ICSE Class 10 Maths Chapter 23: what this page covers

ICSE Class 10 Maths Chapter 23, Graphical Representation (Histograms and Ogives), is about converting grouped data into clear graphs and reading cumulative information correctly. These Concise Mathematics Selina Solutions Class 10 ICSE Chapter 23 notes show how to prepare frequency tables, cumulative frequency tables, histograms and less-than ogives with full working.

Use the worked solutions below to check each table and graph before drawing it on graph paper. For related revision, students may also use the ICSE solutions library, the Class 10 ICSE solutions page, and the ICSE Class 10 Maths study resources.

For graph questions, one suitable scale is suggested. A different scale is also acceptable if the graph is neat, the axes are labelled, and all points or bars fit on the graph paper.

Concept snapshot: Think of cumulative frequency as a running total on a scoreboard. After the first class, the scoreboard shows only that class. After the second class, it shows the first two classes together. An ogive plots these running totals against the upper limits of the class intervals.

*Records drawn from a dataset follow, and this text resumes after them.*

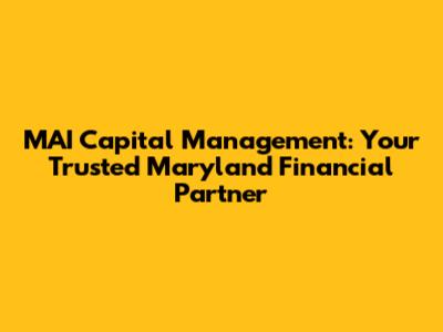 MAI Capital Management: Your Trusted Maryland Financial Partner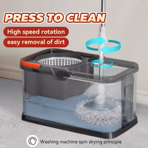Simply place the mop in the vibrating screen and pull it up and down to make the wet mop easy to dry. The mop head can rotate. 360 degrees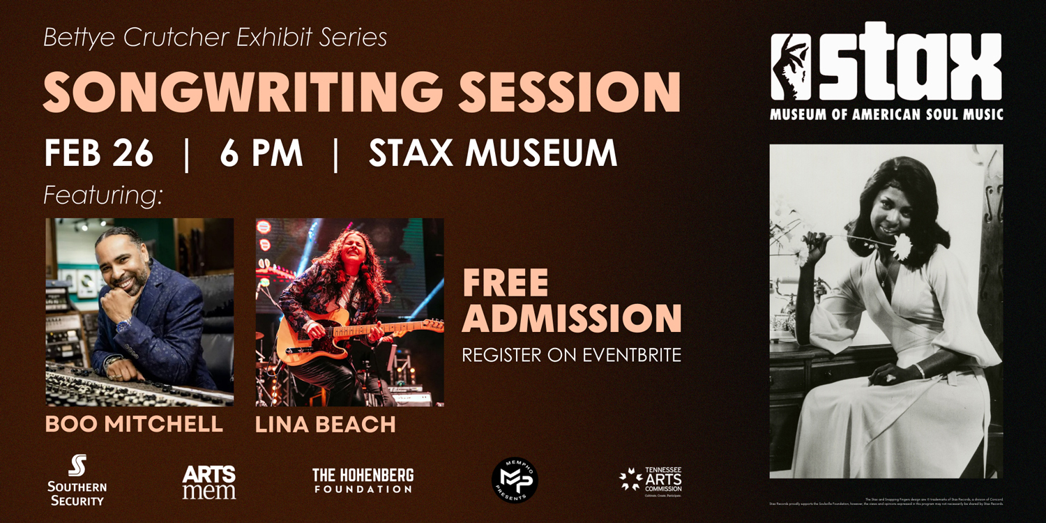 As part of the Stax Museum’s exhibit honoring legendary Stax songwriter Bettye Crutcher, the Stax Museum is hosting a special live songwriting session on Thursday, February 26, featuring Boo Mitchell and Lina Beach.
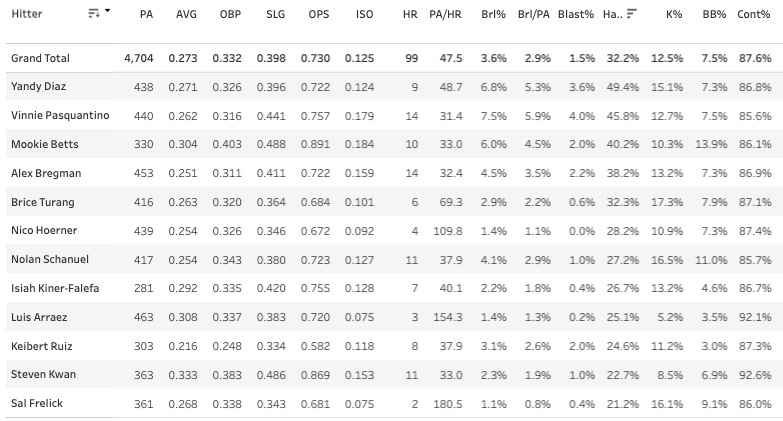 Jose Siri - 42 PA, 23 BIP, 5 Brls, 21.7 Brl%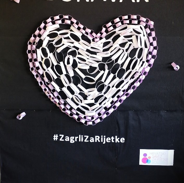 Učenici produženog boravka uključili su se u kampanju #ZagrliZaRijetke. Pogledali su edukativne filmove o rijetkim bolestima te razgovarali o važnosti prihvaćanja, razumijevanja i podrške. Svoju su poruku solidarnosti izrazili zajedničkom fotografijom zagrljaja, a potom su izradili pano na kojem su oblikovali lanac dobrote u obliku srca. Na karikama su ispisane riječi ohrabrenja i vrijednosti koje žele njegovati – prijateljstvo, podrška, hrabrost i zajedništvo.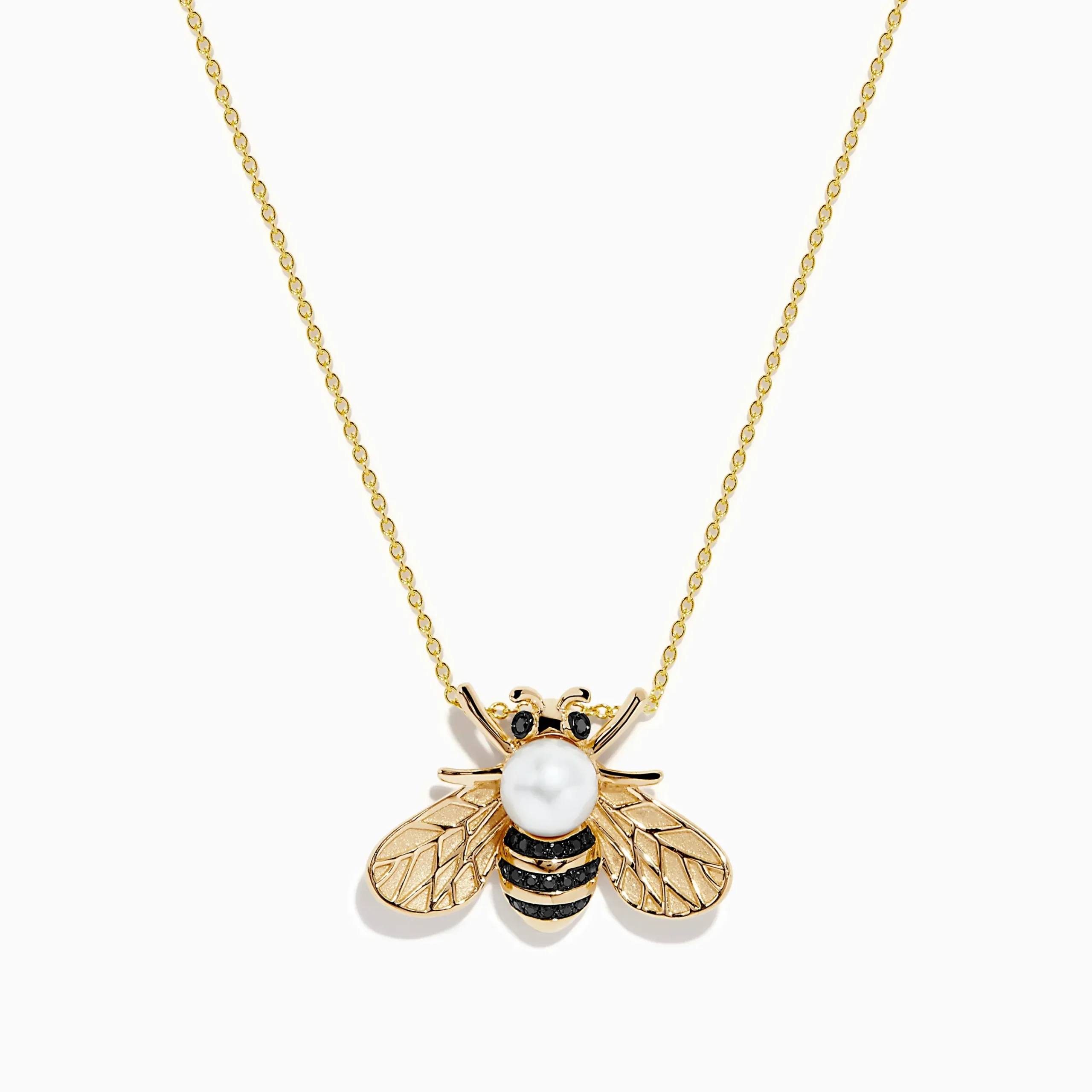 14K Yellow Gold Black Diamond, Freshwater Pearl Bee Pendant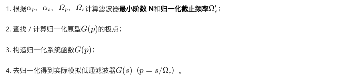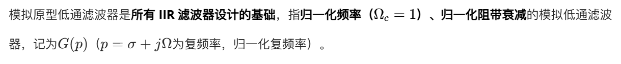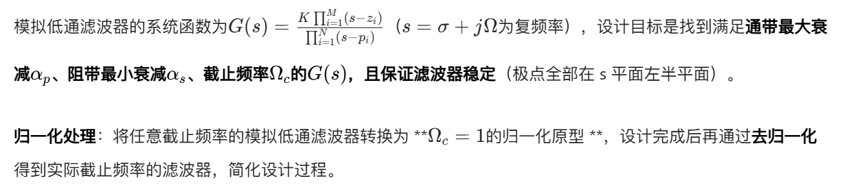 - 原型设计:模拟低通原型为基础,所有其他类型滤波器均由其变换得到;

Concise Mathematics Selina Solutions Class 10 ICSE Chapter 23 method sheet

The same small set of methods is used throughout this chapter. Before drawing a graph, prepare the table correctly. A neat graph with a wrong table will still give a wrong answer.

TaskMethodImportant point
Class mark\text{Class mark}=\dfrac{\text{lower limit}+\text{upper limit}}{2}Use the two limits of the same class interval.
Class interval from class mark\text{Lower limit}=\text{class mark}-\dfrac{\text{class width}}{2}, \text{Upper limit}=\text{class mark}+\dfrac{\text{class width}}{2}The class width is usually the difference between two consecutive class marks.
Less-than cumulative frequencyAdd frequencies successively from the first class onward.The ogive point uses the upper class limit and the cumulative frequency.
Frequency from less-than cumulative frequency\text{frequency}=\text{current cumulative frequency}-\text{previous cumulative frequency}For the first class, subtract 0.
Frequency from more-than cumulative frequency\text{frequency}=\text{current more-than value}-\text{next more-than value}The total should match the first more-than cumulative frequency.
Histogram with equal class widthsHeight of each rectangle is the frequency.Adjacent rectangles touch each other.
Histogram with unequal class widthsUse frequency density: \text{height}=\dfrac{\text{frequency}}{\text{class width}}.Do this only when class widths are unequal.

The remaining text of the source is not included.